Re: Re: [PATCH 1/2] rbd: RBD_DEV_FLAG_THICK rbd_dev_flags bit

From: Ilya Dryomov
Date: Fri Mar 23 2018 - 05:34:09 EST


On Fri, Mar 23, 2018 at 10:31 AM, Ilya Dryomov <idryomov@xxxxxxxxx> wrote:
> On Thu, Mar 22, 2018 at 12:57 PM, äääå / KAMEIïHITOSHI
> <hitoshi.kamei.xm@xxxxxxxxxxx> wrote:
>> Hi Yang,
>>
>>> I am not sure is this the best way for this case, what about adding an option in "rbd map -o thick rbd/test"?
>>
>> I will add such option to the rbd map command to manipulate image settings. So, the end-user
>> do not change the settings directly via sysfs file.
>>
>>> @@ -4011,6 +4012,15 @@ static void rbd_queue_workfn(struct work_struct *work)
>>> goto err;
>>> }
>>>
>>> + /* Ignore/skip discard requests for thick-provision image */
>>>
>>> Just ignore? or return -EOPNOTSUPP?
>>
>> Thanks, I think -EOPNOTSUPP is better because user programs cannot know
>> the result of requested operation when the kernel rbd driver ignores
>> discard request. The result of requested operation when the kernel rbd driver
>> ignores discard requests, which probably misleads the user programs.
>>
>>> In addition, we should not ignore the REQ_OP_WRITE_ZEROES.
>>
>> Relating to the above, the return code of REQ_OP_WRITE_ZEROS request
>> is also -EOPNOTSUPP instead of ignoring. I think the result of
>> -EOPNOTSUPP is also better for this request because the kernel
>> rbd driver can expect that user programs write zero data by itself.
>
> REQ_OP_WRITE_ZEROES should continue to work, we just need to make
> sure it never issues truncates or deletes and instead writes zeroes
> explicitly.
>
> I think we should be explicit about the fact that discard is not
> supported instead of accepting the discard request and failing it in
> rbd_queue_workfn(). Attached patch is what I have in mind.

Now with the patch.

Thanks,

Ilya
From 1db405366371cb12e5182815c06f6f491af4b63c Mon Sep 17 00:00:00 2001
From: Ilya Dryomov <idryomov@xxxxxxxxx>
Date: Fri, 23 Mar 2018 09:14:47 +0100
Subject: [PATCH] rbd: notrim map option

Add an option to turn off discard and write zeroes offload support to
avoid deprovisioning a fully provisioned image. When enabled, discard
requests will fail with -EOPNOTSUPP, write zeroes requests will fall
back to manually zeroing.

Signed-off-by: Ilya Dryomov <idryomov@xxxxxxxxx>
---
drivers/block/rbd.c | 19 ++++++++++++++-----
1 file changed, 14 insertions(+), 5 deletions(-)

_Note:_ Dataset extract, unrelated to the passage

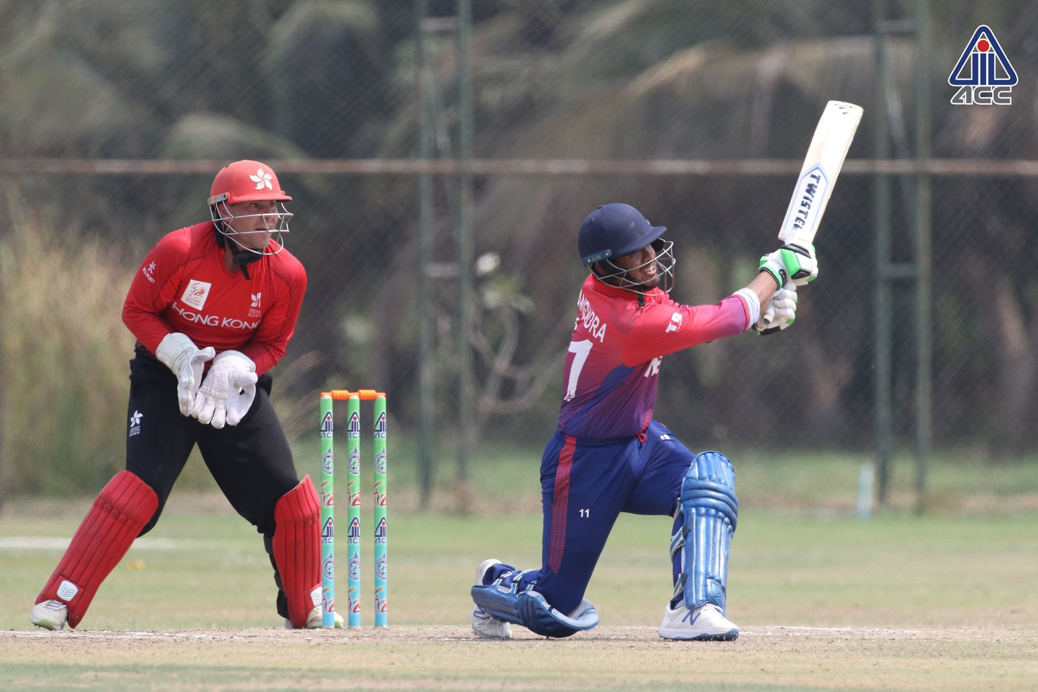 यस्तै अविनाश बोहराले १२ रन जोड्दा आरिफ शेखले १० रन बनाए । करण केसीले ७ रनमा आउट भए । त्यस्तै विनोद भण्डारी र दिपेन्द्र सिंह ऐरी ५–५ रनमा आउट हुँदा पारस खड्का ४ रनमा पेभेलियन फर्किए । पवन सर्राफ १ रनमा आउट हुँदा सन्दीप लामिछाने सुन्य रनमा आउट भए । हङकङका हरुन मोहमद अर्सादले ५ विकेट लिए । यस्तै अफ्ताफ हुसेनले ३ तथा इशान खानले २ विकेट लिए । यस अघि टस हारेर पहिले ब्याटिङ गरेको हङकङले २० ओभरमा ६ विकेट गुमाएर १ सय ५४ रन बनाएको थियो ।

diff --git a/drivers/block/rbd.c b/drivers/block/rbd.c
index 1a90e5dd7470..dbe440a6531e 100644
--- a/drivers/block/rbd.c
+++ b/drivers/block/rbd.c
@@ -733,6 +733,7 @@ enum {
Opt_read_write,
Opt_lock_on_read,
Opt_exclusive,
+ Opt_notrim,
Opt_err
};

@@ -746,6 +747,7 @@ static match_table_t rbd_opts_tokens = {
{Opt_read_write, "rw"}, /* Alternate spelling */
{Opt_lock_on_read, "lock_on_read"},
{Opt_exclusive, "exclusive"},
+ {Opt_notrim, "notrim"},
{Opt_err, NULL}
};

@@ -754,12 +756,14 @@ struct rbd_options {
bool read_only;
bool lock_on_read;
bool exclusive;
+ bool trim;
};

#define RBD_QUEUE_DEPTH_DEFAULT BLKDEV_MAX_RQ
#define RBD_READ_ONLY_DEFAULT false
#define RBD_LOCK_ON_READ_DEFAULT false
#define RBD_EXCLUSIVE_DEFAULT false
+#define RBD_TRIM_DEFAULT true

static int parse_rbd_opts_token(char *c, void *private)
{
@@ -801,6 +805,9 @@ static int parse_rbd_opts_token(char *c, void *private)
case Opt_exclusive:
rbd_opts->exclusive = true;
break;
+ case Opt_notrim:
+ rbd_opts->trim = false;
+ break;
default:
/* libceph prints "bad option" msg */
return -EINVAL;
@@ -3940,11 +3947,12 @@ static int rbd_init_disk(struct rbd_device *rbd_dev)
blk_queue_io_min(q, objset_bytes);
blk_queue_io_opt(q, objset_bytes);

- /* enable the discard support */
- queue_flag_set_unlocked(QUEUE_FLAG_DISCARD, q);
- q->limits.discard_granularity = objset_bytes;
- blk_queue_max_discard_sectors(q, objset_bytes >> SECTOR_SHIFT);
- blk_queue_max_write_zeroes_sectors(q, objset_bytes >> SECTOR_SHIFT);
+ if (rbd_dev->opts->trim) {
+ queue_flag_set_unlocked(QUEUE_FLAG_DISCARD, q);
+ q->limits.discard_granularity = objset_bytes;
+ blk_queue_max_discard_sectors(q, objset_bytes >> SECTOR_SHIFT);
+ blk_queue_max_write_zeroes_sectors(q, objset_bytes >> SECTOR_SHIFT);
+ }

if (!ceph_test_opt(rbd_dev->rbd_client->client, NOCRC))
q->backing_dev_info->capabilities |= BDI_CAP_STABLE_WRITES;
@@ -5170,6 +5178,7 @@ static int rbd_add_parse_args(const char *buf,
rbd_opts->queue_depth = RBD_QUEUE_DEPTH_DEFAULT;
rbd_opts->lock_on_read = RBD_LOCK_ON_READ_DEFAULT;
rbd_opts->exclusive = RBD_EXCLUSIVE_DEFAULT;
+ rbd_opts->trim = RBD_TRIM_DEFAULT;

copts = ceph_parse_options(options, mon_addrs,
mon_addrs + mon_addrs_size - 1,
--
2.4.3